Vers 400 ans av. J.-C : Dès 420 avant J.-C : Démocrite (philosophe grec) a l’intuition
de l’existence des atomes et invente leur nom atomos » en grec qui signifie insécable).
Ceux-ci sont très petits, de différentes formes (rond ou crochus, lisses ou rugueux) et
s’associent pour former les objets qui nous entourent. Il imagine les atomes pleins et
immuables.
Vers 350 ans av. J.-C : ARISTOTE (384 322 av. J.-C) ne croît pas à l’existence des
atomes. Pour lui, la matière est pleine et est constituée d’un mélange de quatre
« éléments » : le feu, l’air, la terre et l’eau. Son prestige est tel que le modèle de
DÉMOCRITE est abandonné. Il faudra attendre près de vingt siècles pour que la notion
d’atome soit réhabilitée. Aristote (philosophe grec) conteste cette existence et son
prestige est tel qu’il faut attendre le début du XIXème siècle pour que cette idée reprenne
vie.
Figure 1 : Images de Démocrite et d’Aristote et leur définition de l’atome
Les alchimistes du Moyen Age développent une chimie du « pifomètre ». Elle consiste
plutôt en de multiples tentatives d’expériences plus ou moins au hasard en vue d’un but,
par exemple transformer le plomb en or ! Si la compréhension des phénomènes inhérents
aux expériences ne les intéresse pas leurs comptes rendus se révèlent de bonnes sources
d’information pour les premiers chimistes « modernes » tel Lavoisier. En 1647, un
Français, Pierre GASSENDI, remet au goût du jour l’idée d’atomes et affirme que toutes
les substances se composent de particules indivisibles, les atomes. Les atomes diffèrent
par la forme, la grandeur et la masse. Selon lui, l’atome, c’est la même chose que le
matériau de construction des maisons. Avec trois sortes de matériaux briques, planches
et poutres on peut construire une foule de bâtisses des plus diverses. De la même façon,
quelques dizaines d’atomes différents permettent à la nature de créer des milliers de
corps absolument différents. Dans chacun des corps, ces atomes se réunissent en petits
groupes que Gassendi appellera « molécules ».
En 1805, lAnglais John DALTON (1766 1844) reprend l’hypothèse de
DÉMOCRITE. Selon lui, l’atome est une sphère pleine de matière, semblable à une
boule de billard.
Figure 2 : Image de Dalton et sa définition de l’atome.
En 1897, le physicien John Joseph THOMSON (1856 1940) découvre l’un des
composants de l’atome : l’électron, particule chargée négativement.
En 1904, il propose, John Joseph THOMSON, un modèle dans lequel les électrons
sont plongés dans une sphère chargée positivement, comme des prunes (plum en anglais)
dans un pudding.
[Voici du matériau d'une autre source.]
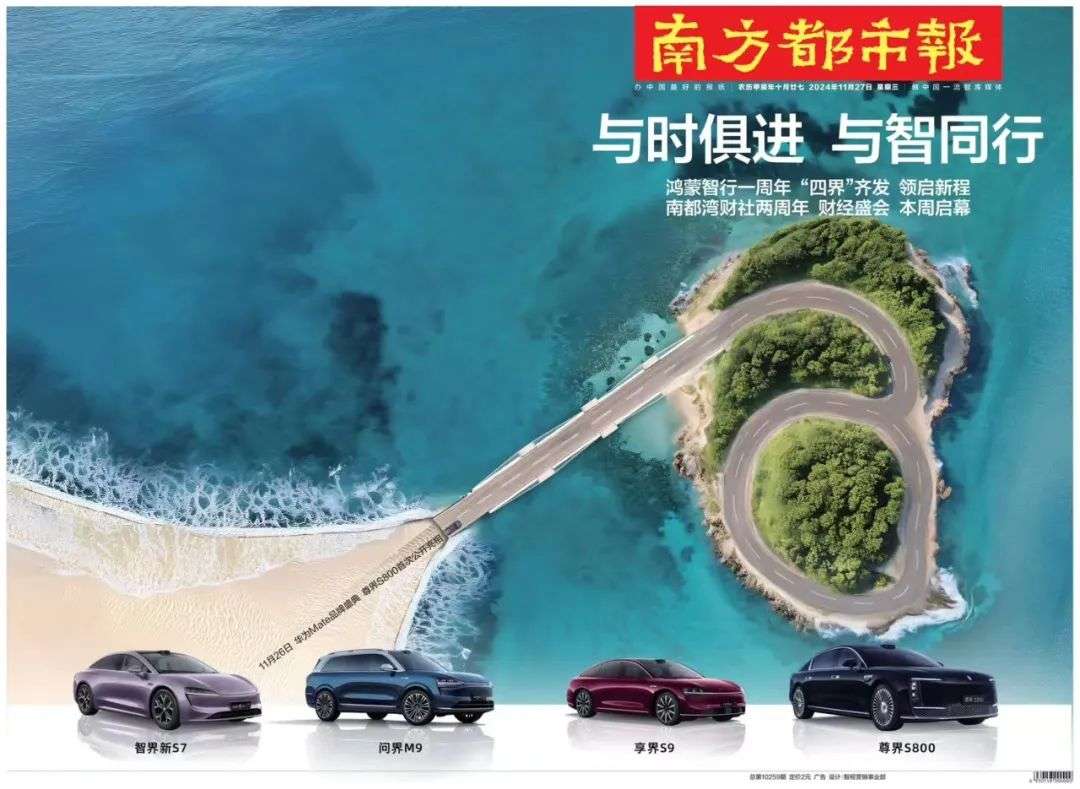 在鸿蒙智行一周年之际,问界、智界、享界和尊界,“四界”齐发,鸿蒙智行完成了从中高端到超高端的全方位布局,引领中国汽车品牌向更高价值维度迈进。南都智媒携手鸿蒙智行“与时俱进 与智同行”,致敬一路领跑的中国智能电动汽车时代,共同见证百年汽车工业的大变局。

Dans ce modèle, les électrons dispersés au sein de l’atome équilibrent
la charge positive de la sphère. L’ensemble est électriquement neutre. En 1881, il
découvre l’un des composants de l’atome. Il s’agit de particules élémentaires négatives
appelées en 1891 électrons. Au début du XXème siècle, l’ambition des physiciens est de
proposer un modèle de l’atome en précisant la répartition de la charge électrique à
l’intérieur de celui-ci. Thomson, partant de l’idée que l’atome est électriquement neutre,
pense qu’il doit contenir des charges positives qui doivent compenser les charges
négatives des électrons. Il suppose que la charge positive est répartie dans un petit
volume (qui peut avoir la forme d’une sphère) et qu’elle est parsemée d’électrons
(pudding de Thomson).
Figure 3 : Image de Thomson et sa définition de l’atome.
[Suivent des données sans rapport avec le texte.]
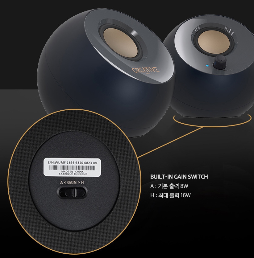 가장 기본형 모델로 2만 원대의 가격에 구매가 가능해서 접근성이 가장 좋으며 2인치 유닛에 최대 8.8W 출력과 USB단자를 통해서 전원을 공급받으며 3.5mm 단자를 통해서 소리를 전달합니다. 후면에 패시브 라디에이터를 통해서 마치 우퍼를 단것처럼 중저음의 깊이감을 표현하는 점이 특징이며 45도로 기울어져있어서 책상에 올려놨을 때 사용자의 귀로 소리를 전달해서 명확한 소리를 들려줍니다.

En 1909, le physicien et chimiste britannique Ernest RUTHERFORD (1871 1937)
bombarde une feuille d’or très fine avec des particules bien plus petites que les atomes
d’or et chargées positivement. Il observe qu’une tache fluorescente intense apparaît au
centre de l’écran et que quelques taches fluorescentes apparaissent à la périphérie de la
tache centrale.
Figure 4 : Schéma de l’expérience de RUTHERFORD.
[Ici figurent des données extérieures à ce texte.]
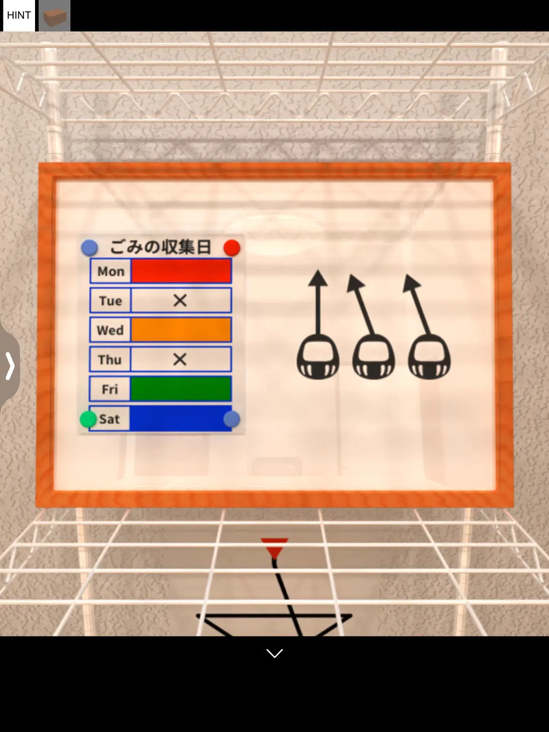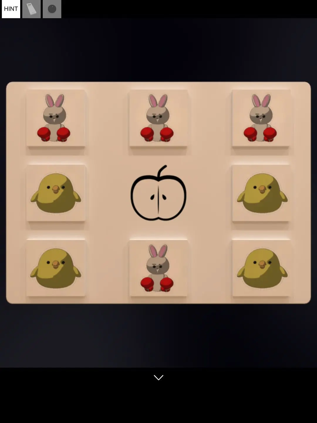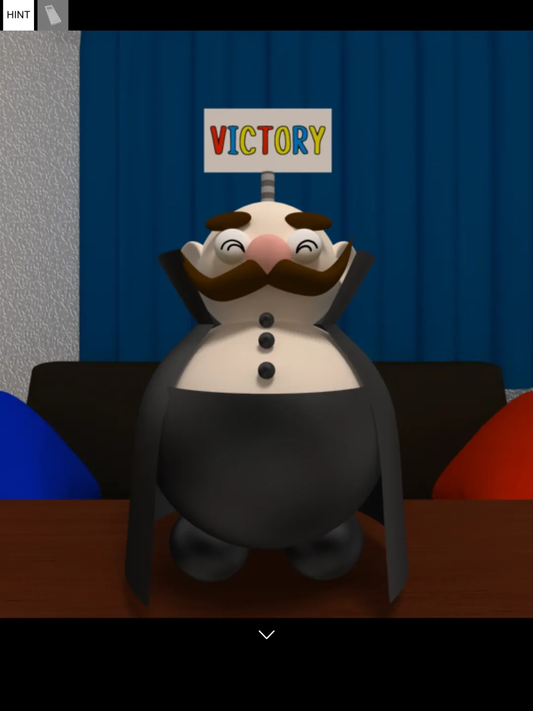 4、棋盘右边的玩偶标签上写的VICTORY,按照红蓝黄红黄蓝黄的顺序排列,这是【老虎区】右下角柜子的点按顺序,按顺序点击不同颜色,得到一个黑色小球,还能看到右边放了刀具。

Vidéo 1 : Expérience de RUTHERFORD.
Cette expérience a conduit Ernest RUTHERFORD à proposer, en 1911, un nouveau
modèle : Un atome est constitué d’un noyau central très petit autour duquel des électrons
chargés négativement sont en mouvement, comme les planètes autour du
Soleil : L’atome est constitué essentiellement de vide (Modèle planétaire de l’atome).
Ernest RUTHERFORD a ainsi mis en évidence la structure lacunaire de l’atome.
Figure 5 : Modèle de Rutherford.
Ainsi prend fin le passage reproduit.